A continuidade do modelo econômico atual na Bacia do Rio São Francisco, com atividades que consomem muita água e provocam devastação dos biomas, e a falta de informações sobre a real necessidade por água podem atrapalhar ou mesmo inviabilizar a revitalização do manancial.
(Agência Brasil)
A opinião é compartilhada pelo engenheiro agrônomo João Suassuna, pesquisador da Fundação Joaquim Nabuco (Fundaj), e pelo sociólogo Adriano Martins, que participou de uma peregrinação pelas cidades cortadas pelo rio na década de 1990.
Especialista em convivência com o semiárido, Suassuna se diz incrédulo com o plano Novo Chico, lançado pelo governo do presidente interino Michel Temer. Ele relata que o Rio São Francisco praticamente não tem mais mata ciliar, o que provoca assoreamento e, em consequência, a baixa reprodução de peixes. Além disso, ele cita que é urgente solucionar o problema dos esgotos que são lançados sem tratamento na calha do rio.
O novo programa prevê ações para proteção e recuperação das nascentes, controle de processos erosivos e recuperação de áreas degradadas. Na primeira fase, terão prioridade as obras de abastecimento de água e de esgotamento sanitário que estão em andamento, com investimento total de R$ 1,162 bilhão. O pesquisador conta que, no início do governo Lula (o primeiro mandato do ex-presidente foi de 2003 a 2006), houve uma preocupação e uma intenção de atacar esse problema. No entanto, com o advento do projeto da transposição, os recursos acabaram sendo redirecionados.

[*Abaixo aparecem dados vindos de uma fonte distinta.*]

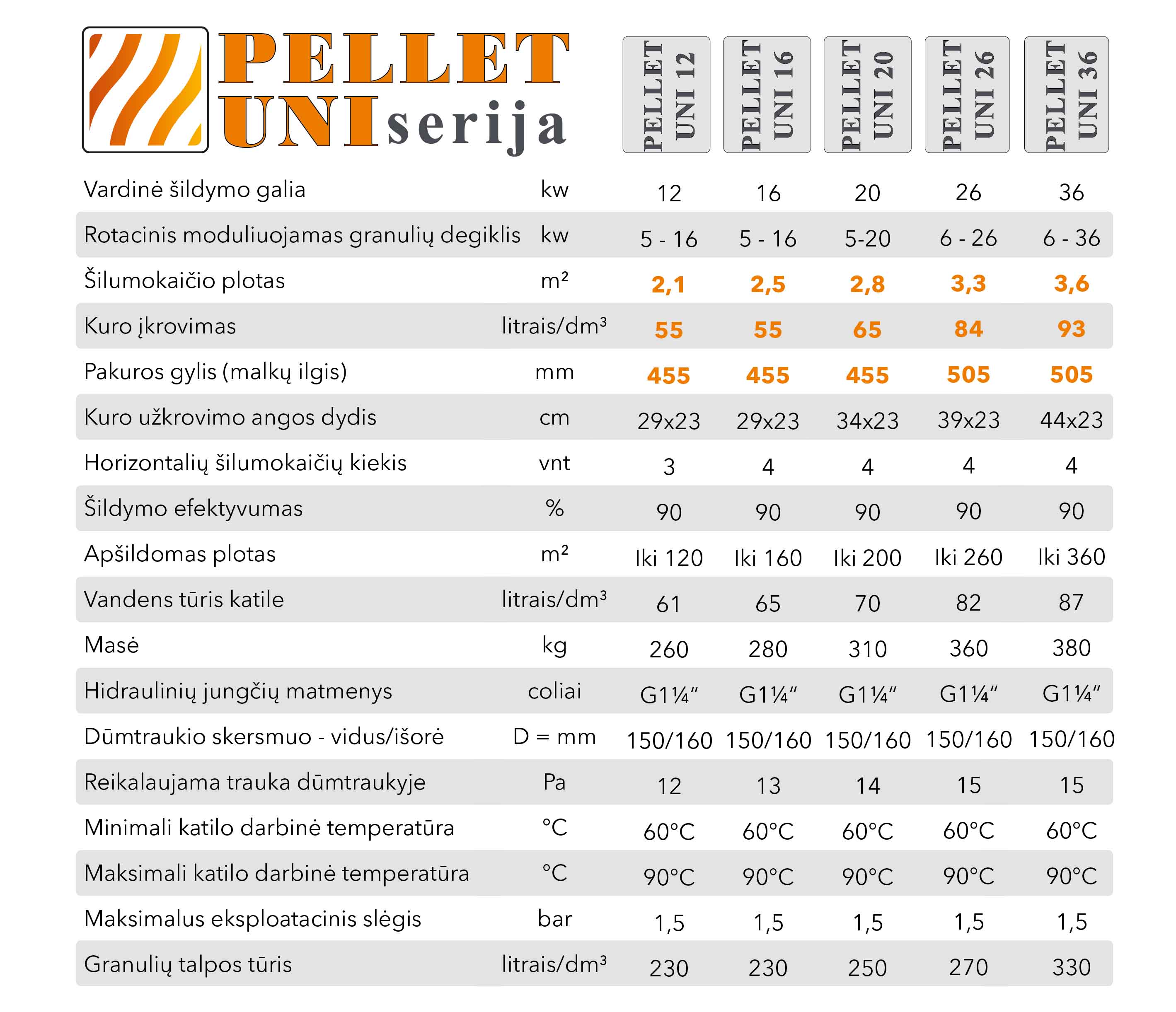 „PELLET UNI“ katilas – tai 5 klasės, aukščiausios kategorijos ir techninio lygio modelis, atnaujintas 2020 metais. Ekonomiškumas ir ekologija patvirtinta sertifikatu, išduotu Lietuvos energetikos instituto. „PELLET UNI“ 12-26 kW katilai atitinka visus reikalavimus gauti valstybės paramą nuo 1200 iki 1800 eurų už katilą.

“O governo Temer chega agora com o plano Novo Chico e tenta acelerar essas questões da revitalização, mas estamos numa crise muito séria, com falta de recursos. Não acredito, em hipótese alguma, que esse plano vá para frente. Deveria haver prioridade na conclusão da transposição e deixar para mais tarde, depois que começar a resolver os problemas de abastecimento do povo, o investimento na revitalização do rio.”
Suassuna aponta que é necessário realizar um trabalho intenso comandado por hidrólogos para saber qual a oferta e a demanda por água do São Francisco. Ele relata, por exemplo, que existe um uso exacerbado da água dos aquíferos (águas subterrâneas), principalmente pela agricultura irrigada.
“O que se sabe hoje é que o São Francisco está correndo com pouca água, há a perspectiva de a represa de Sobradinho chegar ao volume morto em novembro, numa situação em que o Nordeste está sedento. Se a transposição estivesse em funcionamento, o rio não teria condições de fornecer o volume suficiente para atender as necessidades dos nordestinos.”
Quase 25 anos atrás, as condições da bacia do rio São Francisco já chamavam a atenção de estudiosos e ambientalistas. Em 1992, quatro pessoas, entre elas o hoje bispo de Barra (BA), dom Luiz Cappio, e o sociólogo Adriano Martins, realizaram uma peregrinação por cidades da bacia desde a nascente até a foz, para dialogar com as populações ribeirinhas sobre a degradação do manancial e buscar soluções para os problemas.
À época, segundo Martins, a situação mais visível era o desmatamento das matas ciliares, das regiões de nascentes e das encostas, o que gerava o carreamento de terra para o leito do rio. Os impactos dos grandes barramentos, a exemplo da represa de Sobradinho, também foram notados pelos peregrinos. De acordo com o sociólogo, as obras alteraram o ciclo de vazão e cheia, fazendo com que as águas cheguem à foz sem força e provocando o avanço do mar rio adentro.
A falta de gestão do uso das águas também foi verificada na década de 1990 e, de acordo com Martins, o problema persiste e se agrava a partir do avanço do agronegócio. “Há uma busca maior da água para fins produtivos. Existe um esforço do comitê de bacias [Comitê da Bacia Hidrográfica do Rio São Francisco] para mediar esses conflitos, minorá-los, mas na hora da disputa, quem tem mais peso político e mais poder econômico acaba levando vantagem.”
Furo na água
Segundo a Agência Nacional das Águas (ANA), 68% da água retirada do rio São Francisco são destinadas à irrigação.
O sociólogo defende que a revitalização do rio São Francisco requer uma reorientação da proposta de desenvolvimento da região, revendo, por exemplo atividades como o plantio de eucalipto para produção de celulose e monoculturas para exportação, que são altamente degradantes. Para ele, há atividades lucrativas que causam pouco impacto na região da bacia, como a caprinocultura e a ovinocultura.
“Pensar revitalização sem pensar a reorientação do desenvolvimento da região é como fazer furo na água. É possível evitar danos maiores, mas não revitaliza de fato.”